The purpose of this R package (likely to undergo a name change…) is to:

  1. provide a (currently) faster alternative to the R package auk for importing and munging the large eBird datasets*.
  2. integrate the BBS and eBird observation datasets for use in hierarchical modeling efforts by assigning point-referenced data to a gridded surface.
  3. provide modeling workflow for analysing spatio-temporal dynamics in Nimble or JAGS.

*@cboettig and @amstrimas are currently developing an auk alternative, birddb. It is likely that, once stable, this R package will use birddb as dependency for eBird import and manipulation. For now, however, the functions herein provide a much faster alternative to auk.

Installation

Download development version from GitHub with:

# install.packages("devtools")
# remotes::install_github("trashbirdecology/bbsassistant") # to be safe
remotes::install_github("trashbirdecology/bbsebird")

eBird Data Requirements

Prior to using this package, you must have downloaded eBird data. To request and download eBird observations, visit the eBird website. Credentials are required, and may take up to a few business days for approval, depending on use case. For more information on the eBird data see the eBird website, or visit the repository for the Cornell Lab of Ornithology’s offical R package for munging eBird data, auk.

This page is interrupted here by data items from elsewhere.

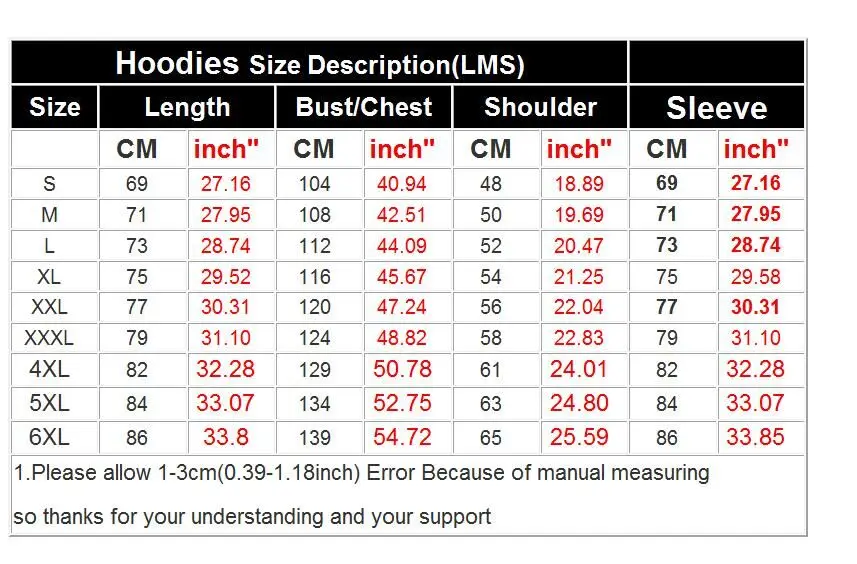 | Tops Size | S / M / L /XL / 2XL / 3XL/ 4XL/ 5XL/ 6XL | ||||||||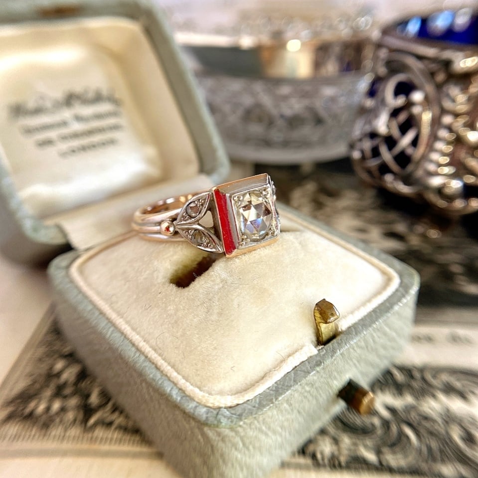 この指輪のようなポストアールデコのデザインのリングは意外と少ないですのでコレクションの一つに加えてみても愉しめるひと品です。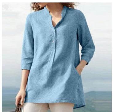 Casual Stand-up Collar Loose Blouse - Mubimart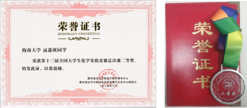 2021级应用化学专业鬲莆欣同学斩获全国二等奖、省级一等奖的佳绩。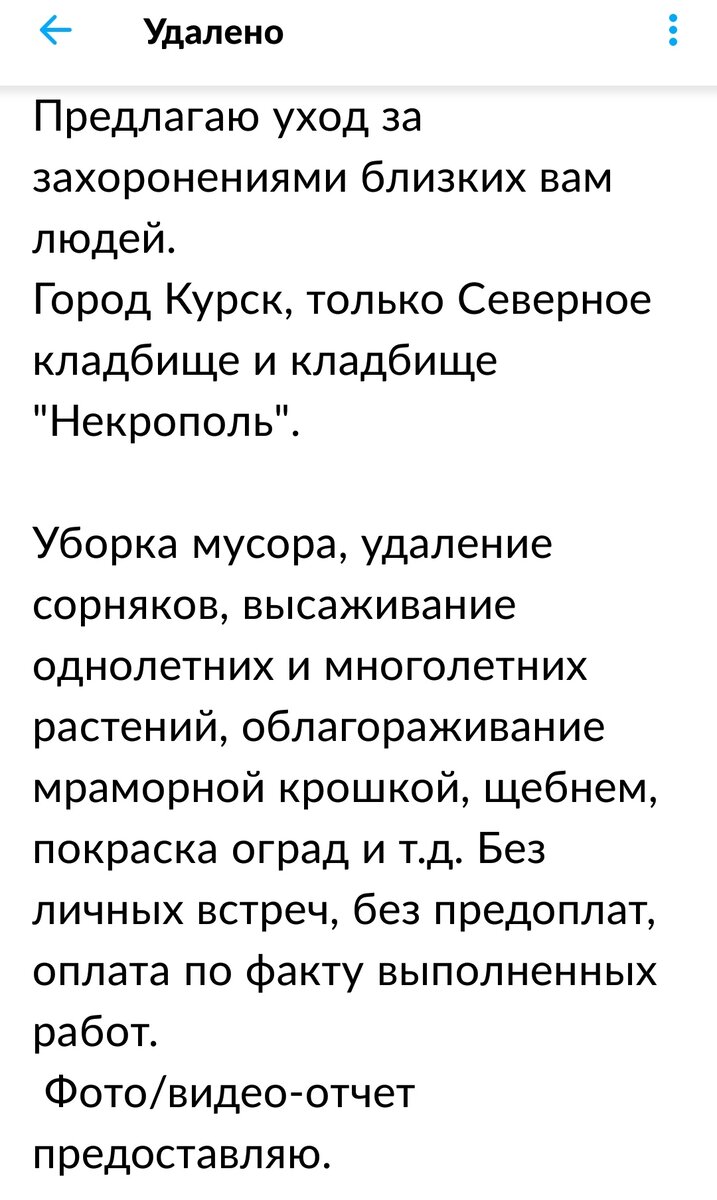 Рассказ о том, как учат не очень умных людей — это я про себя. Весной этого года выставила я объявление на "Авито". С предложением услуг по уборке могил. Бывает же такое, что некому приехать убраться. Или живут далеко, или приболел человек. А душа-то болит у родственников. Ну, как мне кажется — должна болеть. Определилась для себя, что сумма будет минимальная — время-то сейчас не такое, чтобы люди шиковали. Да и потом — наверняка попросят о помощи пожилые люди — откуда у них-то миллионы. Выставила объявление и, как часто это бывает — смотрят, в избранное добавляют, но никто не обращается. Я и позабыла о нем. И вот летом — сообщение. Съездила я, посмотрела. Запущено, конечно, очень сильно. Лет тридцать никто не ходил. Ну, мало ли — может, уехали люди за несколько тысяч километров. Определились, что надо сделать — отмыть памятник, от плесени и грибка очистить, сорняки, да корни деревьев выкорчевать, земли купить. Покрасить обрамление. Конечно, по-хорошему надо всё переделать, но, мо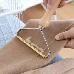 Die Metallkante sammelt effektiv Flusen, Haare und lose Fasern und hinterlässt den Stoff glatt und gepflegt.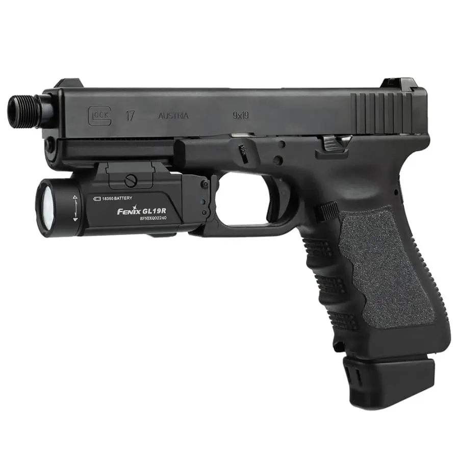 - Delivery contents: Fenix GL19R weapon light/pistol light, Fenix ARB-L18-1100P Li-ion battery, USB-C charging cable, GLOCK + MIL-STD-1913 mounting plates, replaceable O-ring seal, user manual.

When your account is approved, you will gain access to the eBird Basic Database (EBD). This package requires two components of the EBD to be saved to local file:

  1. the observations (i.e. counts)
  2. the sampling events (i.e. information about the observation process)

DATA MUNGING

Step 1: Setup

#explicitly load some packages
pkgs <- c("bbsebird")
# install.packages("mapview") # you can use thsi package to get interactive map views..
invisible(lapply(pkgs, library, character.only = TRUE))
rm(pkgs)

If using this README, this is the only RMD chunk you shoudl have to edit. Most important are where the eBird data and BBS shapefiles are stored (dir.orig.data) and where you wish to save resulting data/models (dir.proj). The latter need not exist – if it does not exist the package will create the directory for you.

# REQUIRED ARGUMENTS
dir.orig.data  = "C:/Users/jburnett/OneDrive - DOI/bbsebird-testing/" # this will be improved to be more intuitive re: what data? 
dir.proj       = "C:/users/jburnett/OneDrive - DOI/bbsebird-testing/House_Sparrow/"
species             = c("House Sparrow") ## eventually need to add alookup table to ensure species.abbr and speices align.
species.abbr        = c("houspa") # see ebird filename for abbreviation
### this needs improvement as well...e.g. a species lookup table to link common-speci-abbrev across BBS and eBird data...
##bbs arguments
usgs.layer          = "US_BBS_Route-Paths-Snapshot_Taken-Feb-2020" # name of the USGS BBS route shapefile to use
cws.layer           = "ALL_ROUTES" # name of the Canadian (CWS) BBS route shapefile.
##ebird arguments
mmyyyy              = "dec-2021" # the month and year of the eBird data downloads on file

# Strongly suggested but optional args
##general arguments
# dir.proj  = "C:/Users/jburnett/desktop/testing/"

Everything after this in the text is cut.